Available data:

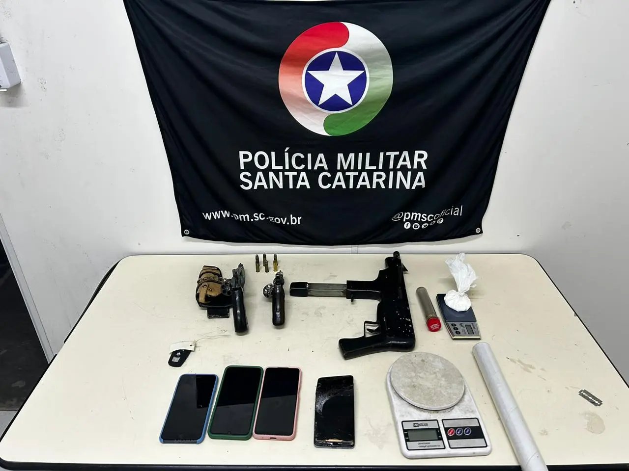 O último suspeito, de 19 anos, foi localizado no bairro Itoupavazinha. No fundo de sua residência, em um depósito, foi encontrada uma arma de fabricação caseira, estilo metralhadora, bem como aproximadamente 25 gramas de cocaína, 50 gramas de crack, duas balanças de precisão e material para embalar drogas.
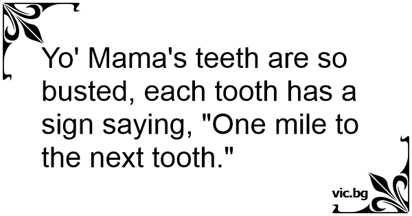 Yo' Mama's teeth are so busted, each tooth has a sign saying, "One mile to the next tooth."
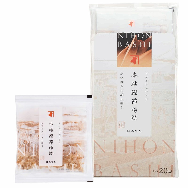 本枯鰹節物語は厳選された鰹を使用し、伝統的な製法で丁寧に作られた本節を使用した削りぶしフレッシュパックです。 本枯鰹節は他の鰹節と比べて深い旨味と豊かな香りが特徴です。
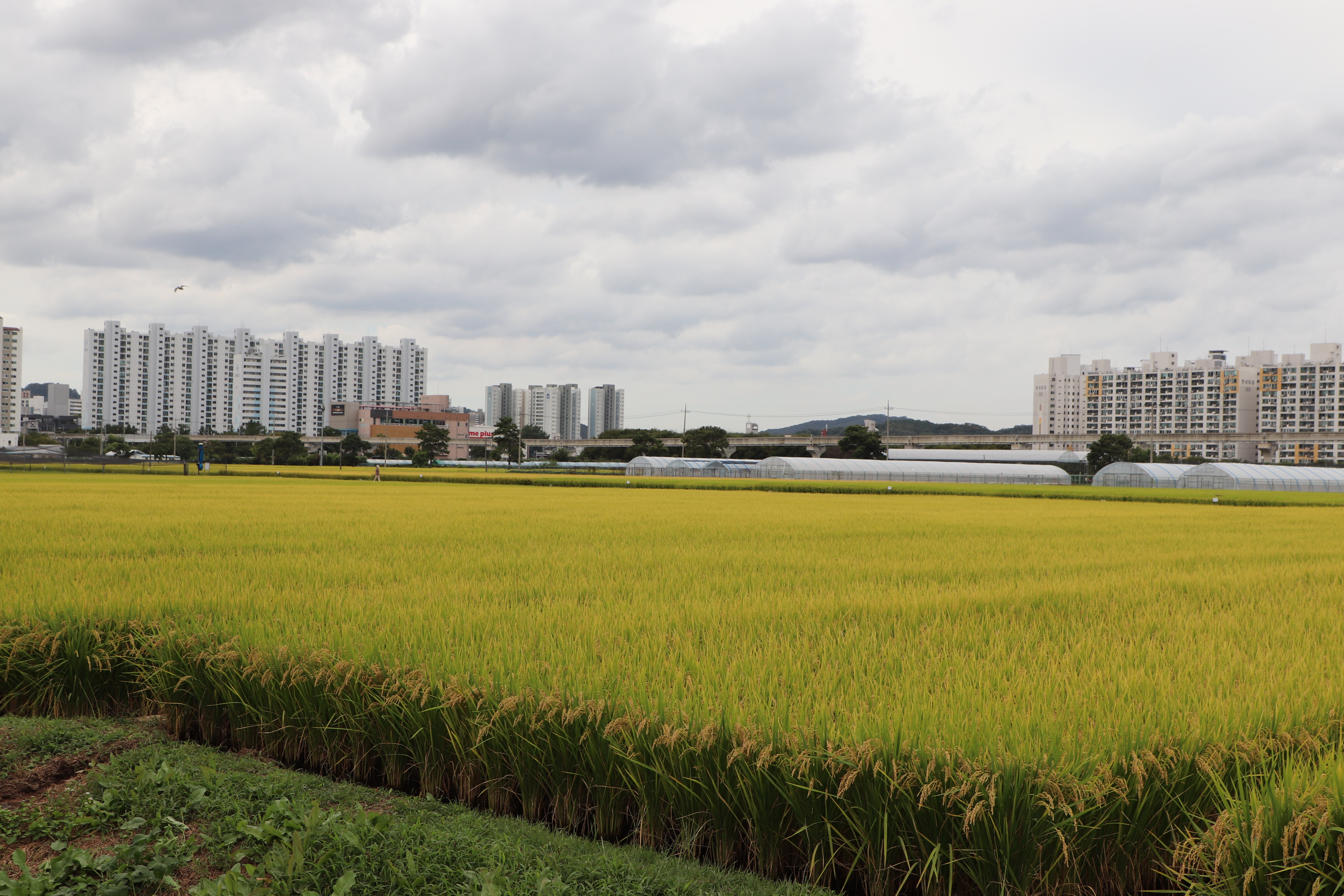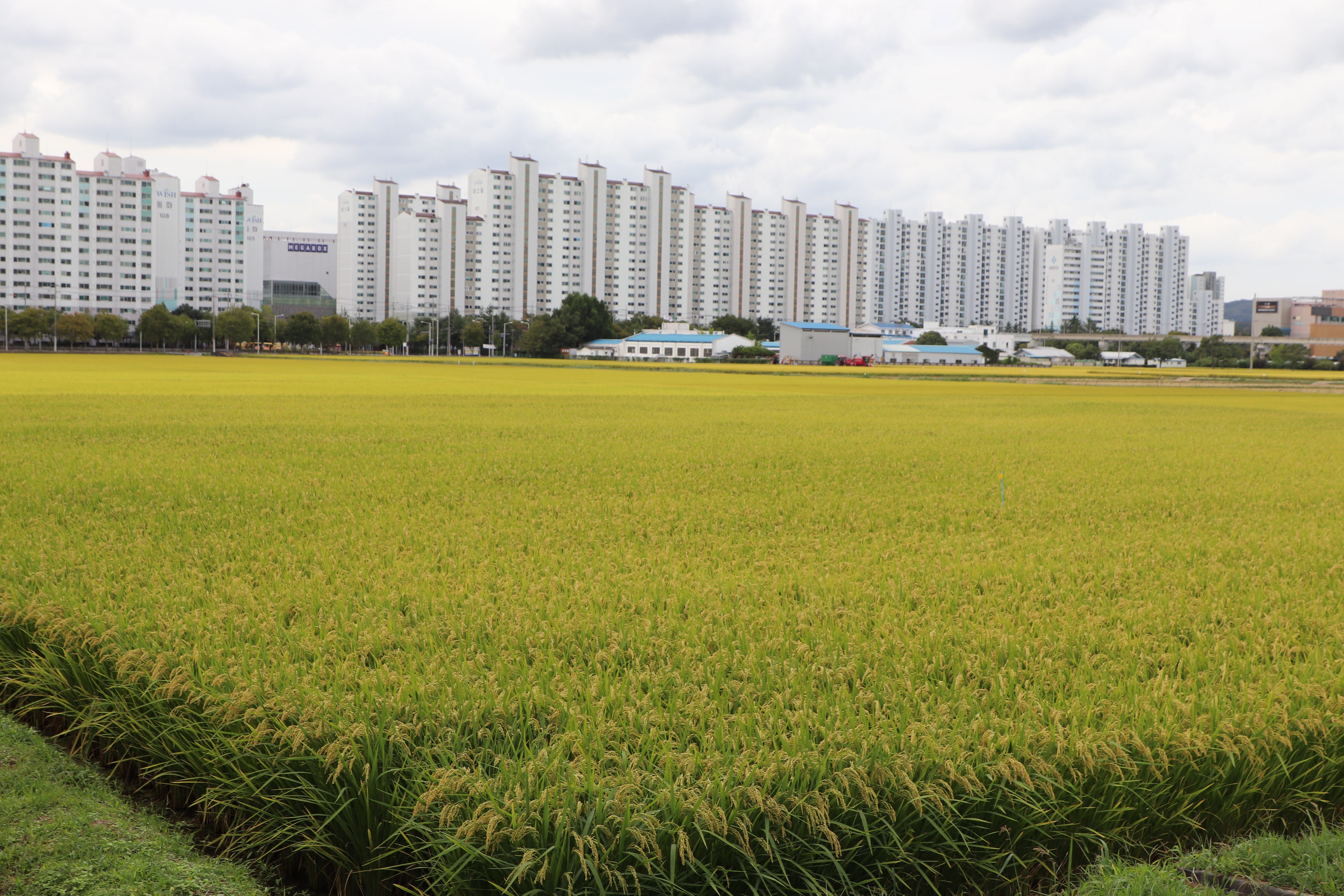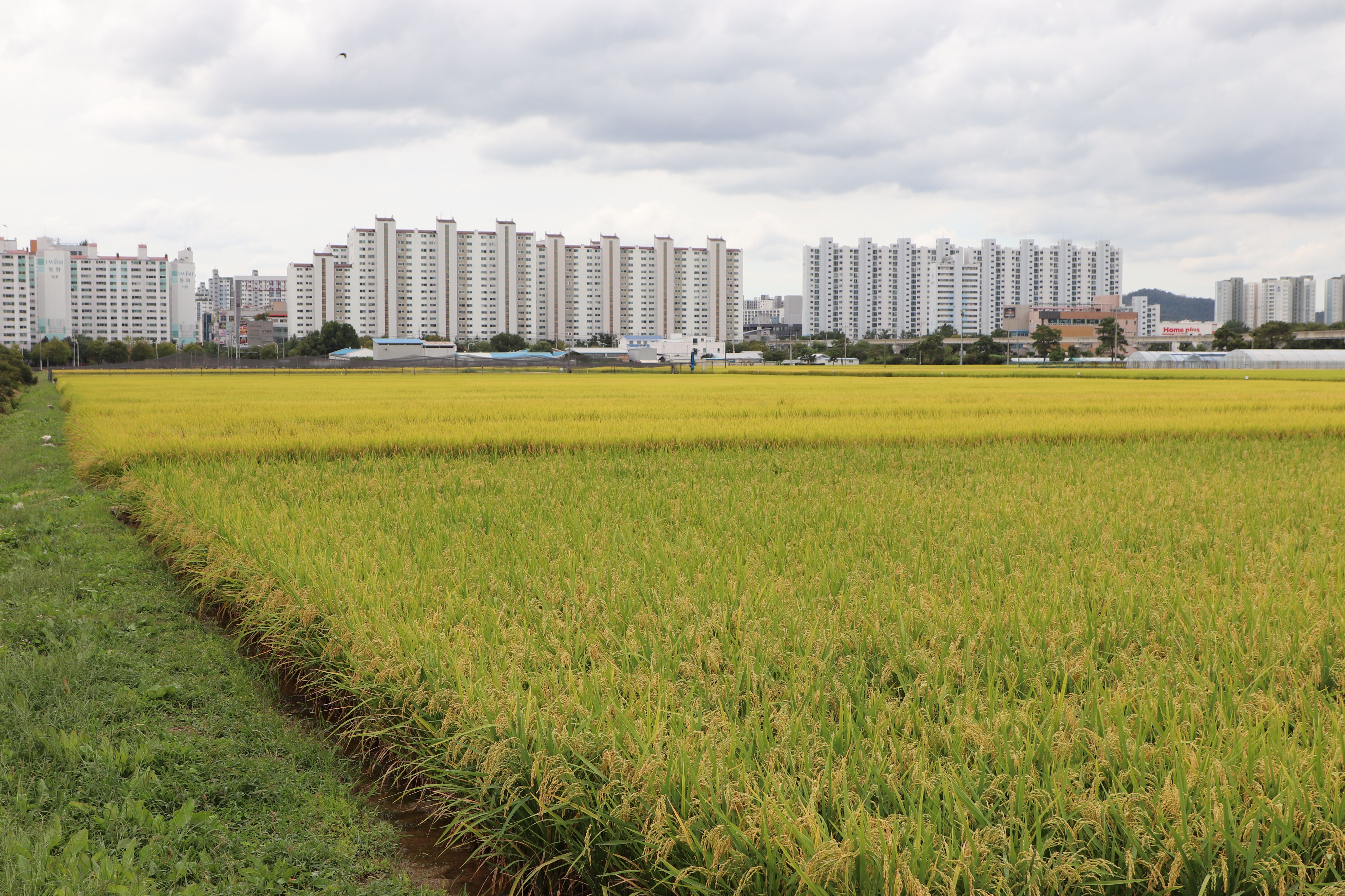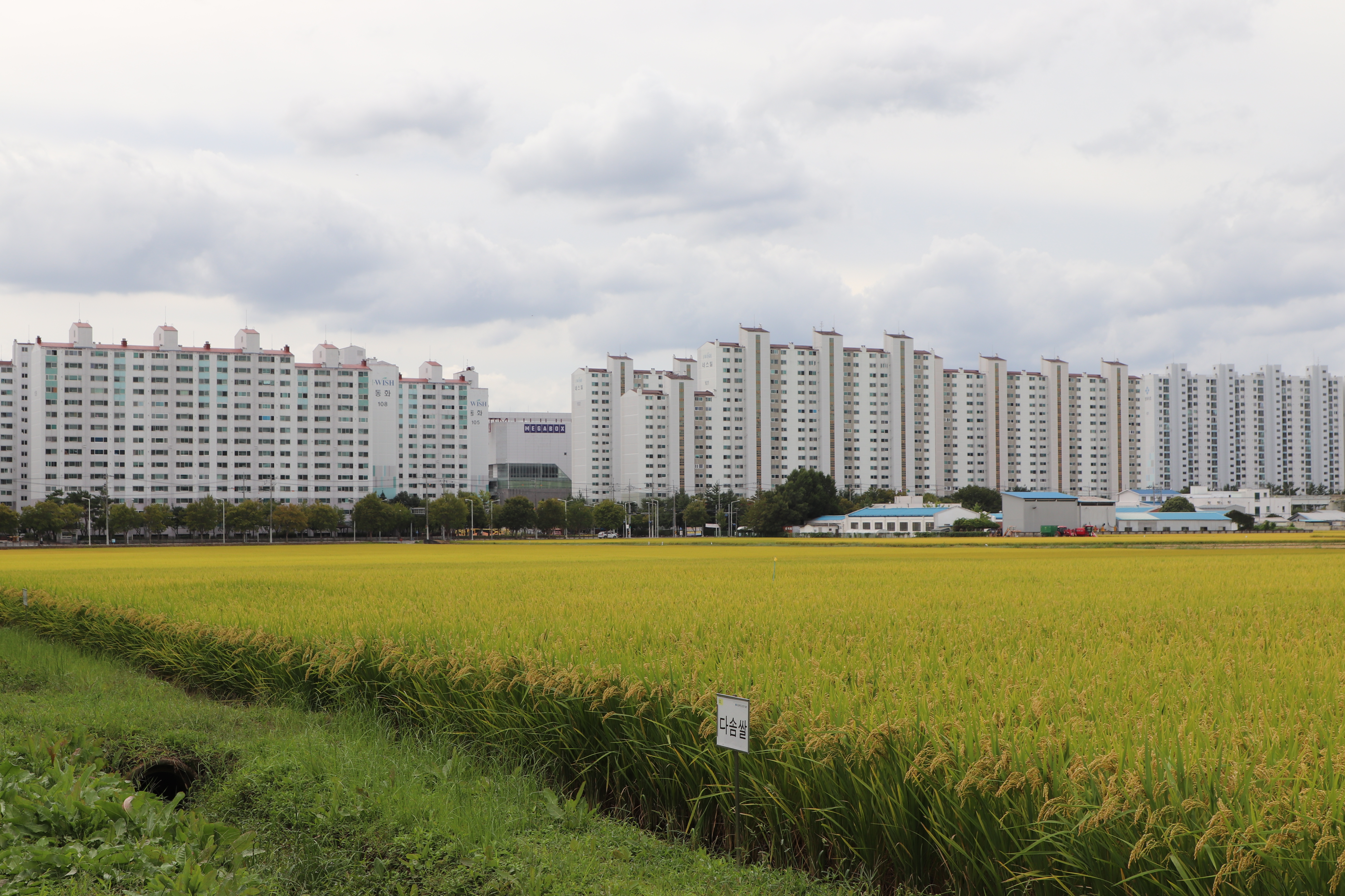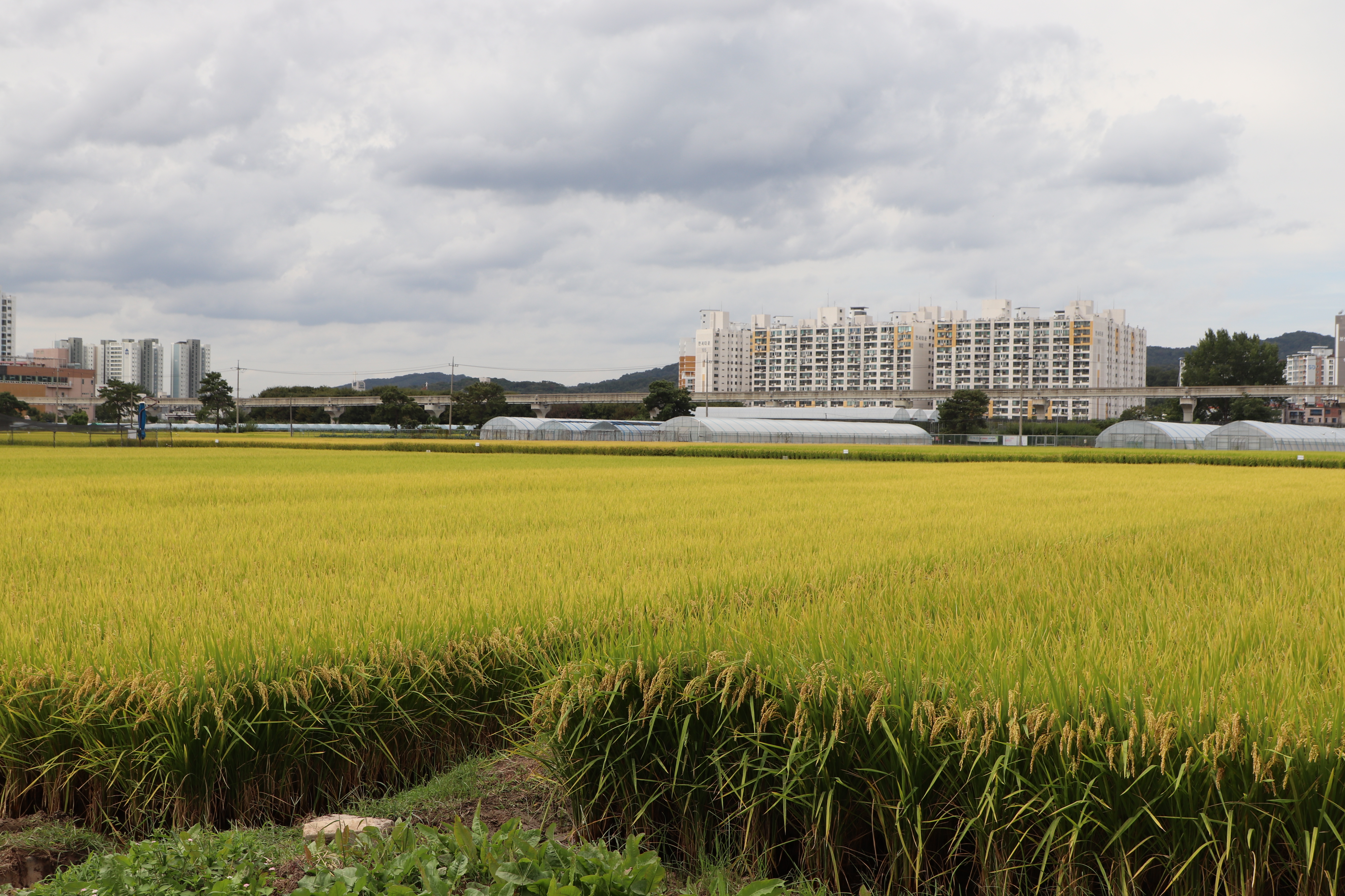 대구광역시 북구 학정동 경상북도 농업기술원 벼 종자(種子) 채종포(採種圃)에, 벼들이 황금색으로 곱게 물들고 있습니다.

Exercise directions: Please reproduce the lines above from the one containing "Yo' Mama's teeth" through the final line, exactly and inclusively, leaving out each picture.

Response to the exercise:
 Yo' Mama's teeth are so busted, each tooth has a sign saying, "One mile to the next tooth."
 本枯鰹節物語は厳選された鰹を使用し、伝統的な製法で丁寧に作られた本節を使用した削りぶしフレッシュパックです。 本枯鰹節は他の鰹節と比べて深い旨味と豊かな香りが特徴です。
 대구광역시 북구 학정동 경상북도 농업기술원 벼 종자(種子) 채종포(採種圃)에, 벼들이 황금색으로 곱게 물들고 있습니다.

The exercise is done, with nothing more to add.